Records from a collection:
Content starts

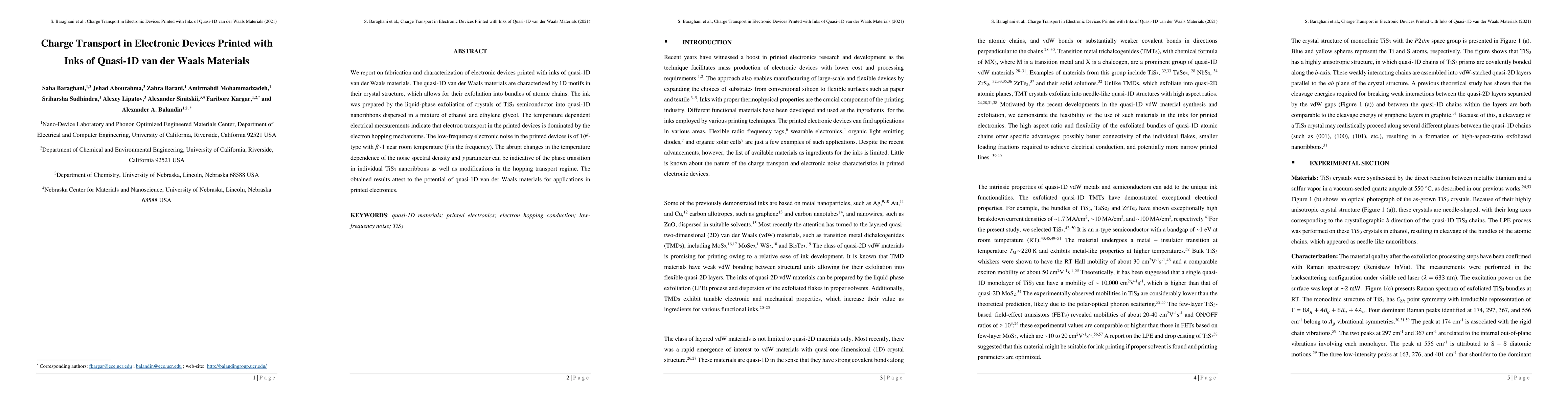 This paper investigates electronic devices printed with quasi-1D van der Waals material inks, specifically TiS3 nanoribbons, and finds electron transport dominated by hopping mechanisms. The study highlights potential applications of these materials in printed electronics due to observed phase transitions and noise characteristics.
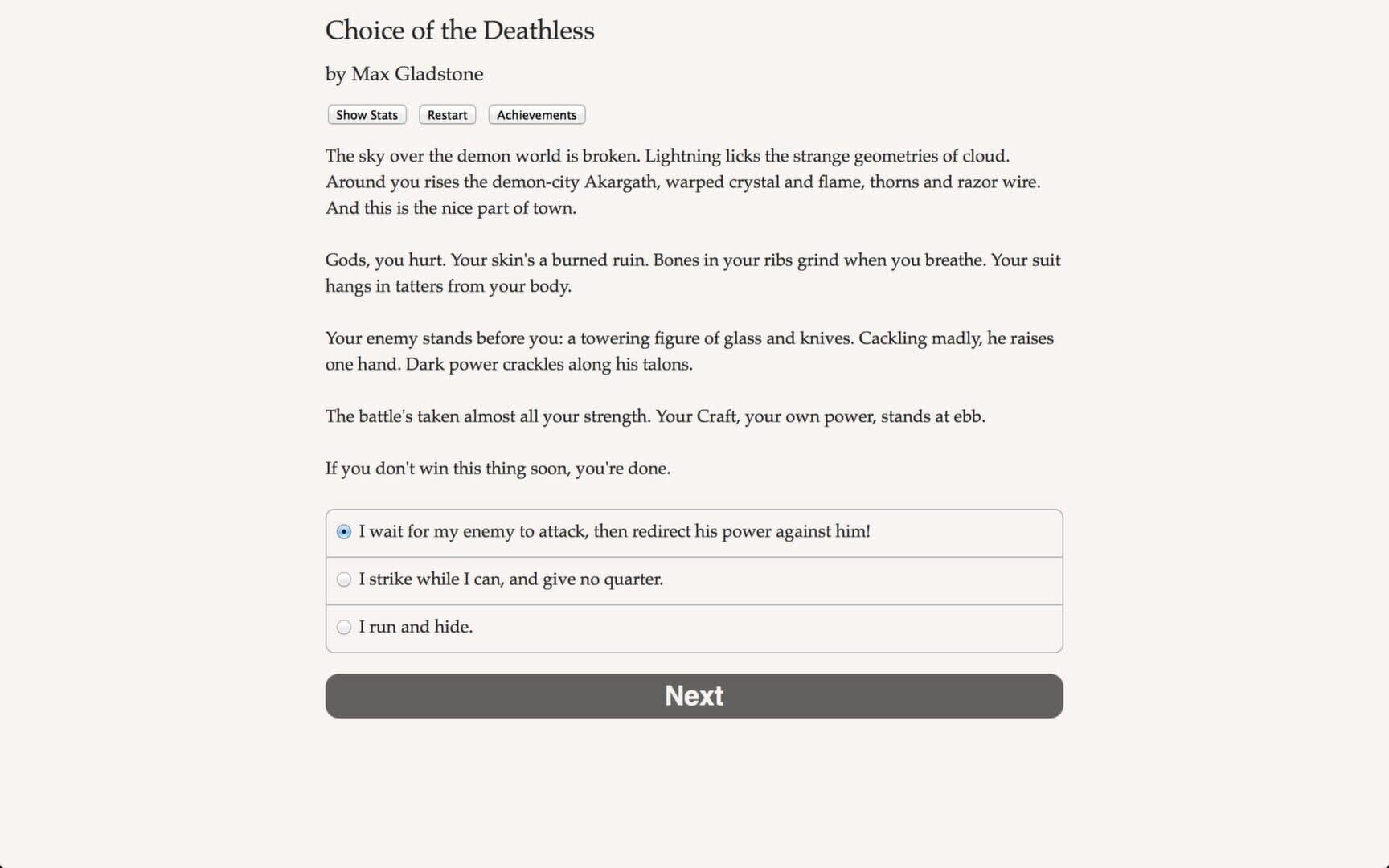 Battle demons and undead attorneys, and win souls to pay back your student loans! At the elite demonic-law firm of Varkath Nebuchadnezzar Stone, you'll depose a fallen god, find romance, and maybe even make partner, if you don't lose your own soul first. "Choice of the Deathless" is a necromantic legal thriller by Max Gladstone, Campbell Award-nominated author of Three Parts Dead and Two Serpents Rise. The game is entirely text-based--without graphics or sound effects--and fueled by the vast, unstoppable power of your imagination. Explore a fantasy realm with a rich and evolving backstory, based on the novels published by Tor Books.
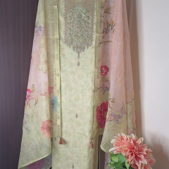 Elevate your everyday elegance with this graceful pastel green suit set, designed for effortless sophistication. Crafted in a soft, breathable fabric, the kurta features intricate tonal embroidery on the yoke that adds a touch of refined artistry. The subtle texture and calming hue make it a timeless addition to your ethnic wardrobe.
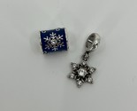 2 Brighton Charms-Arctica Snowflake Silver Dangle-Blue Enamel Snowflake Spacer
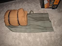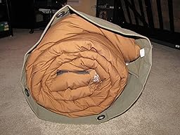 I figured it would be cheaper material but I was surprised to see that it actually feels and looks like the ones that I was looking at. This one was actually better because the ones at the surplus store had small holes in them. Anyway, this bag is huge! Not only can I fit my cold weather sleeping bag in here, I can get the air mattress and some extra blankets in too. I'll be able to have all of the sleeping gear in one bag and this will help with organizing things better too. The bag is plenty robust and is made out of heavy duty 22 oz. cotton canvas. Stitching is well done and the heavyweight hook closure mechanism works perfectly to keep items in the bag and not falling out on the ground. All of the stress points on the bag are reinforced with extra stitching and material to make this bag last. It has the classic military style to it and I am very pleased with the quality and price of the bag. I think I'll probably be picking up some more of the smaller sized ones for other camping equipment as well. I highly recommend!
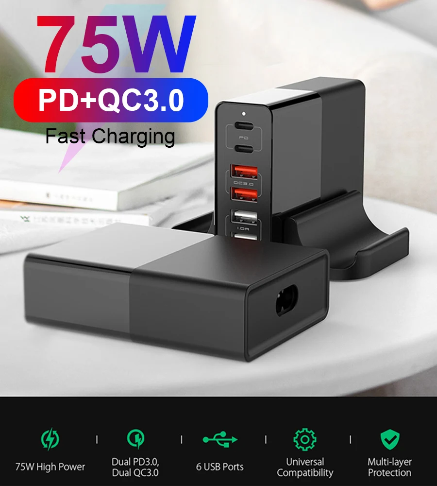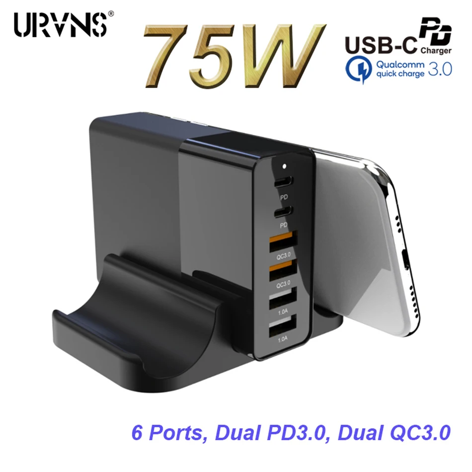 Зарядное устройство URVNS с портом USB Type-C и поддержкой быстрой зарядки, 75 Вт

Content ends

Task: Leaving every picture aside, reproduce exactly the lines above from the one with "Battle demons and" up to and including the one with "2 Brighton Charms-Arctica", and no others.

Task response:
 Battle demons and undead attorneys, and win souls to pay back your student loans! At the elite demonic-law firm of Varkath Nebuchadnezzar Stone, you'll depose a fallen god, find romance, and maybe even make partner, if you don't lose your own soul first. "Choice of the Deathless" is a necromantic legal thriller by Max Gladstone, Campbell Award-nominated author of Three Parts Dead and Two Serpents Rise. The game is entirely text-based--without graphics or sound effects--and fueled by the vast, unstoppable power of your imagination. Explore a fantasy realm with a rich and evolving backstory, based on the novels published by Tor Books.
 Elevate your everyday elegance with this graceful pastel green suit set, designed for effortless sophistication. Crafted in a soft, breathable fabric, the kurta features intricate tonal embroidery on the yoke that adds a touch of refined artistry. The subtle texture and calming hue make it a timeless addition to your ethnic wardrobe.
 2 Brighton Charms-Arctica Snowflake Silver Dangle-Blue Enamel Snowflake Spacer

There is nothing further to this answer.